La cultura popular le había dado espacio a la música de
protesta de los años sesenta, y habíamos sido arrastrados por el enojo que
prevalecía contra el sistema, la feroz determinación por retornar a la
integridad. Dylan lo había dicho todo y fueron días embriagados con la ilusión
de propósito. Pero “los setenta” no trajeron ninguna respuesta.
El Rock and
roll había sido una digresión inarticulada, y a medida que la década progresaba
era claro que el vacío de la sociedad occidental había quedado expuesto frente
a nosotros, sin nadie que ofreciera alternativas. La embrujadora música que
promovía la liberación de la juventud quedó a su vez embrujada. Un período de
desintegración empezó, un movimiento de diversos cultos, y un escape
generalizado a través de las drogas; nada parecía claro, y teníamos la
imperiosa necesidad de un definitivo punto de contacto con la realidad.
Por aquella
época, en el campus universitario había comenzado una serie de clases sobre Halajot
para médicos que dictaba un rabino del kolel de la comunidad, y después otra
sobre judaísmo en general que impartió cierto arquitecto, quien probablemente
inspiró más baalé teshuvá que nadie en Sudáfrica y muy probablemente en
cualquier otro sitio.
El disertó
sobre Torá y estudio, sobre la belleza de las relaciones humanas y el
matrimonio en el marco de la Torá, sobre desarrollo personal y propósito en la
vida.
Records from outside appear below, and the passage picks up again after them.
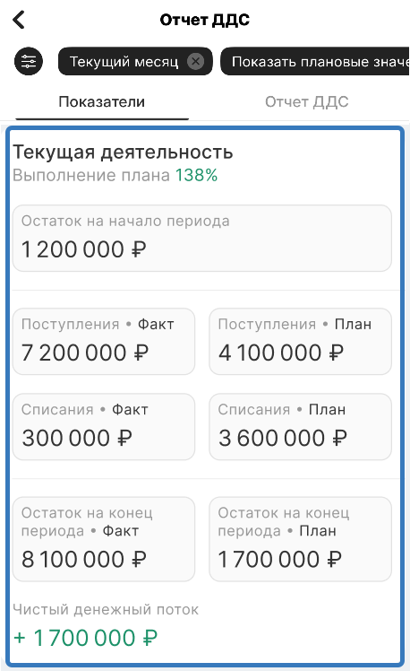 - Остаток на конец периода факт = Фактический остаток на начала период по статье текущая деятельность + Текущая деятельность поступления факт - Текущая деятельность списания факт.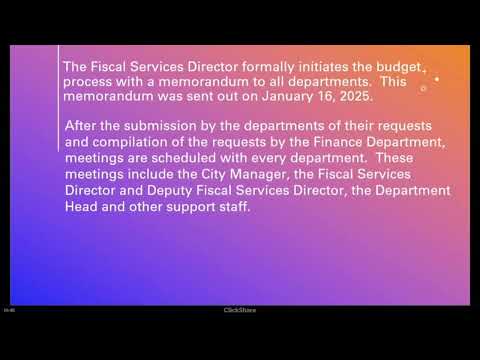 A city finance presenter walked commissioners through the annual budget calendar, fund accounting, reserve policy and key revenue and expenditure categories ahead of the 2025–26 budget cycle.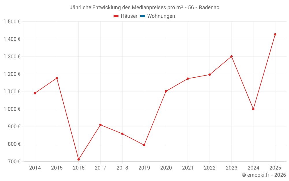 Der Durchschnittspreis auf den 21 Hausgeschäften der letzten 12 Monate in der Gemeinde Radenac betrug 1 381 € pro Quadratmeter für einen mittleren Immobilienwert von 107 500 €. Über diesen Zeitraum hinweg lagen 60% der Transaktionen zwischen 712 und 1 941 € pro Quadratmeter (vom 2. bis zum 8. Dezil).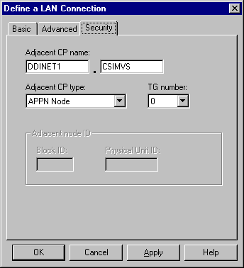Enter the Network Name for this SNA network in the first box. This should be obtained from the network administrator of the host system. In the second box following the period enter the name of the APPL on the remote Host machine. This should be obtained from the network administrator of the host system.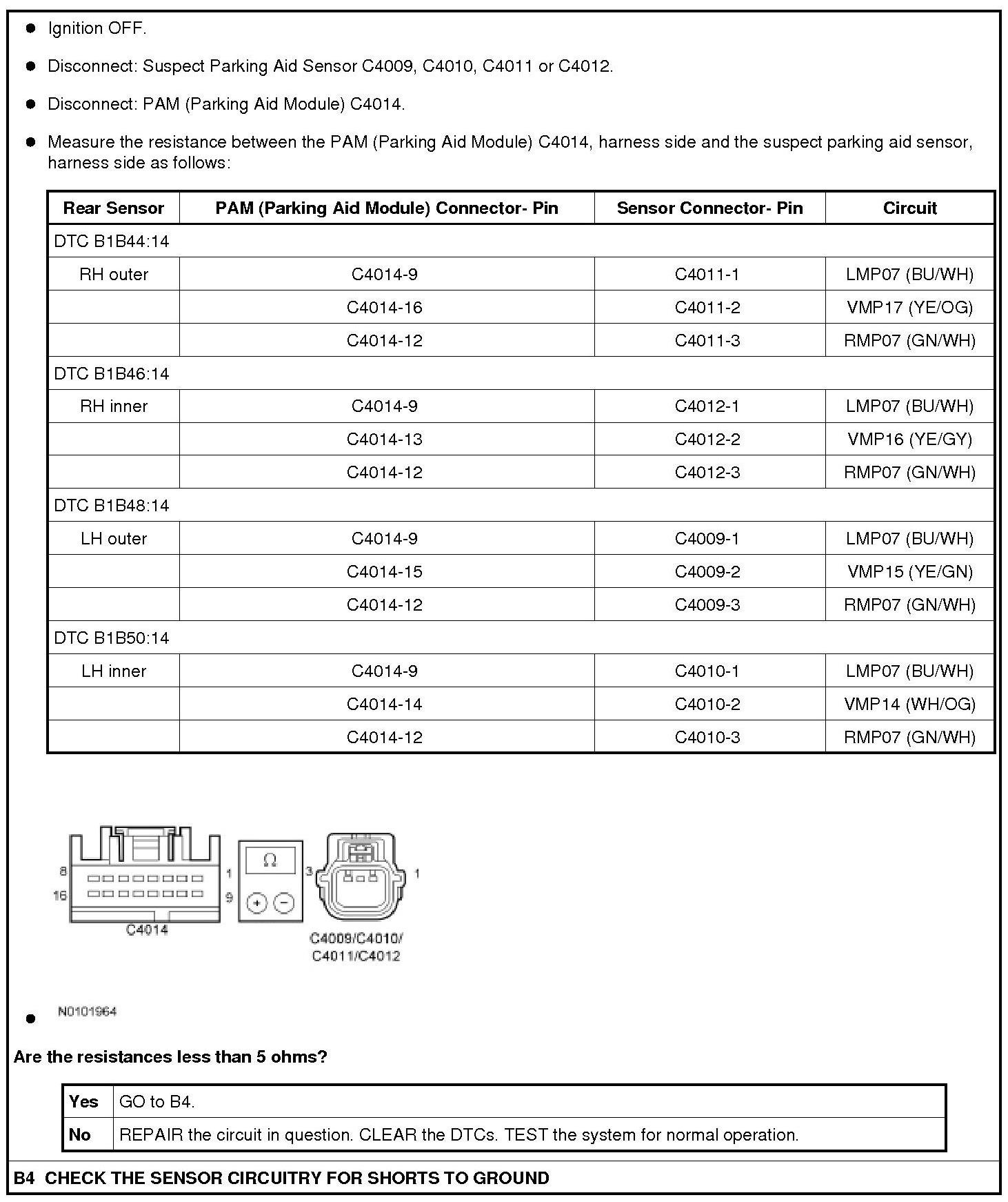 Refer to Wiring Diagram Set 131, Parking Aid for schematic and connector information. [1][2]Diagrams By Number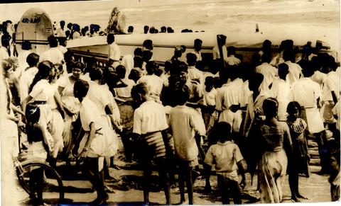 Crowds gather around the Beachcraft aircraft which crashed on the beach bordering the Angulana cemetery yesterday afternoon just after it had taken off from Ratmalana.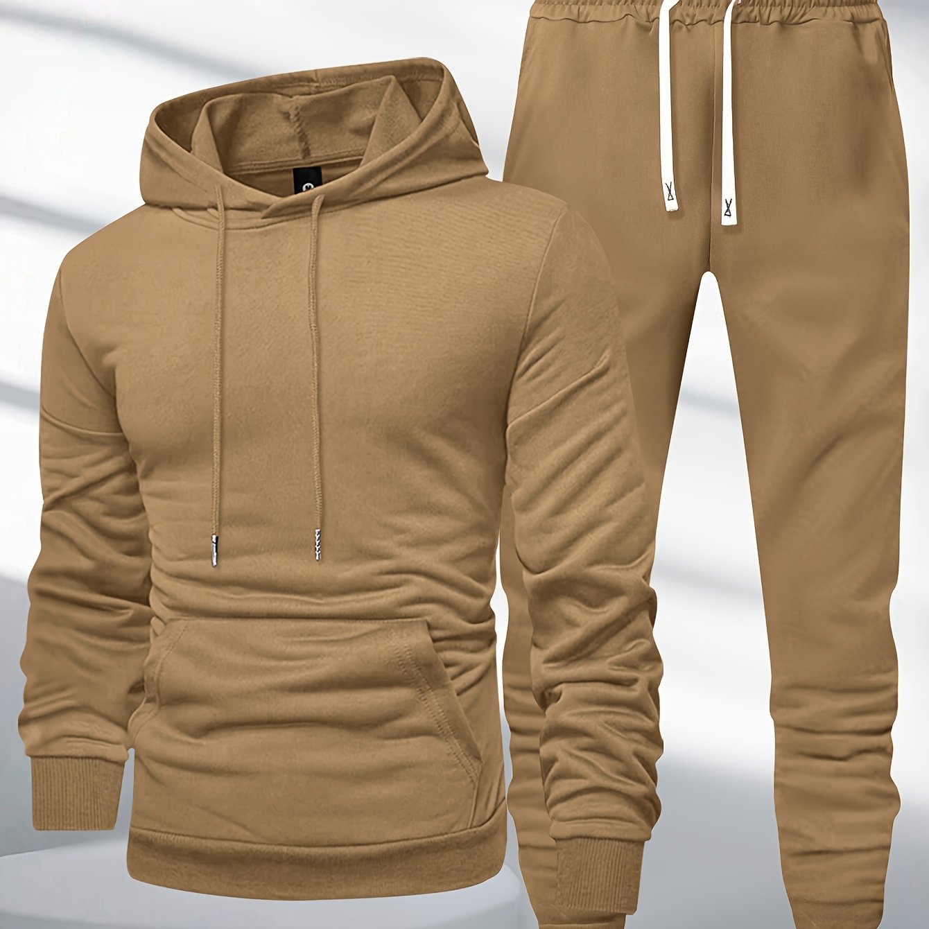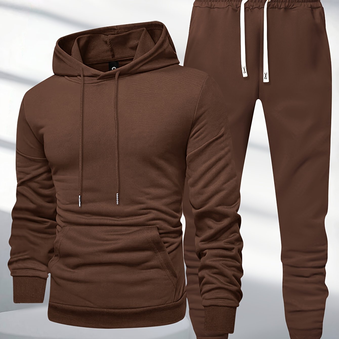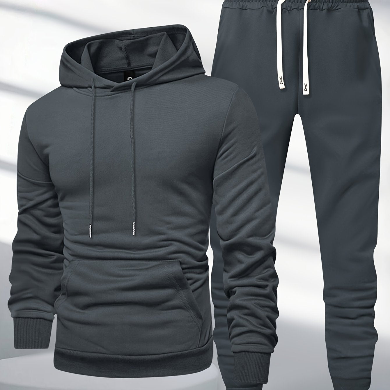 Мужской повседневный спортивный костюм из полиэстера с худи и длинными рукавами, а также джоггеры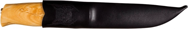 Le manche en une seule pièce de bouleau madré est poncé, poli et huilé à la main – il tient naturellement en main, ne glisse pas et chaque pièce présente un veinage du bois unique. Un étui en cuir est inclus pour un port sûr et élégant à la ceinture.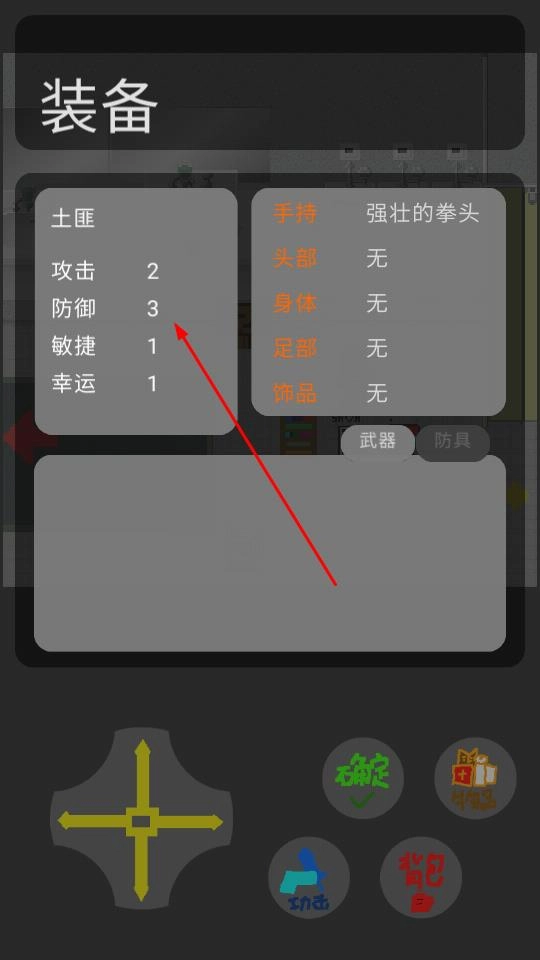 打开装备界面后,查看角色“土匪”的各项属性:攻击值为2点、防御值3点、敏捷值1点、幸运值1点;该角色当前手持的武器是强壮的拳头,头部、身体等关键部位暂时没有穿戴任何防具。接下来需要依据这些属性数据,制定出对应的战斗策略。

A través de su simple y ameno estilo empecé a percibir claramente la
dicotomía existente entre el mundo de la Torá y el secular, las arenas
movedizas del utilitarismo y la permisividad que se deslizan hacia la falta de
valores, por una parte, y la sublime elevación, el llegar a estar por encima y
más allá del propio ser y bloquearse en una dimensión de plenitud, por la otra.